For the better part of the last year, the Lord has been teaching me a great deal about identity.  He began by simply helping me to understand who I am in Christ.  For example:
 
“I praise you because I am fearfully and wonderfully made…”-Psalm 139:14 NIV
 
 “Do not be afraid, for I have ransomed you.  I have called you by name, you are mine.”-Isaiah 43:1 NLT
 
 “I no longer call you servants because a master does not confide in his servants.  Now you are my friends, since I have told you everything the Father told me.”-John 15:15 NLT
 
More recently, understanding my identity has evolved into embracing the identity I have right now, at this very moment.  Identity by definition is the fact of being who or what a person or thing is.  In the last 10 months, I have even found myself in moments like Paul when he says “I do not understand what I do.  For what I want to do I do not do, but what I hate, I do.”-Romans 7:15 NIV
 
Although I never intentionally say or do things to hurt my teammates, there are moments when such things take place.  In moments like these, the Lord reminds me of yet another aspect my identity in Him: that I am forever embraced by His grace and “…though my sins are as scarlet, I (the Lord) will make them white as snow…”-Isaiah 1:18 NLT
 

“Well then, should we keep on sinning so that God can show us more and more of his wonderful grace?  Of course not!“-Romans 6:1&2a NLT.  However, it does mean that we are released from the worldly pressures to perform and achieve perfection.  Scripture tells us we are to strive to be godly and to embrace the righteousness God calls us to, but God doesn’t expect us to arrive there perfectly on our own.  This is why He sent Christ to earth-to save us from the sinful nature that separates us from Him.

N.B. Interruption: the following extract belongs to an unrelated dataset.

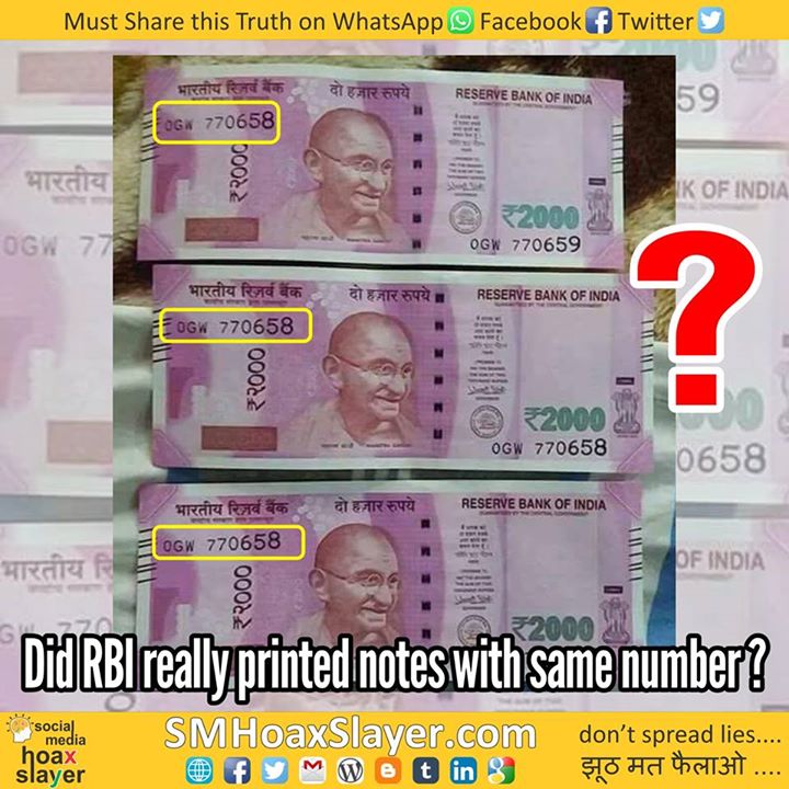 Photos of various notes, new 2000/500 to old 1000/500 are viral on Social Media which are shown to have same numbers.. Few claim it as a fault by RBI, few say Congress get it intentionally. How in the world can it be true?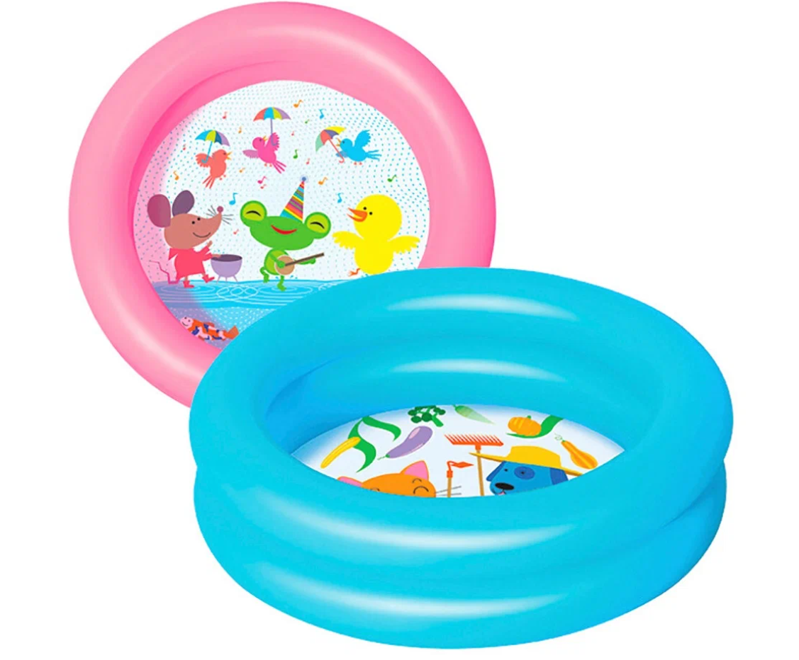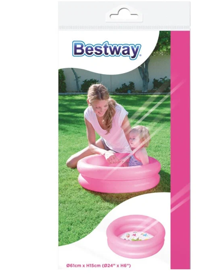 Бассейн надувной Bestway "компания" детский 61Х15 см, на 21 л, возраст 2+, материал ПВХ двухкольцевой борт, сборка за 10-15 мин, для пляжа, для дачи, розовый / 1 шт

Because of this truth, I am learning to embrace who I am here and now: my gifts, talents, strengths, weaknesses and shortcomings.  Identifying these things not only provides understanding of myself, but also puts me in a place where I can fully come before the Lord JUST as I am.  From here, I can seek Him and ask Him to refine the areas of my life that are not pleasing to Him, the parts that are yet to bare the fruits of the Spirit.  As I embrace His correction and refinement, I find that my identity is changing-He is molding and shaping the “new me” into something more beautiful and Christ-like than the “old me” could ever be.  Although my flesh is sometimes resistant to this life-long process, I know that the Lord will be faithful to see it through to completion (Philip. 1:6).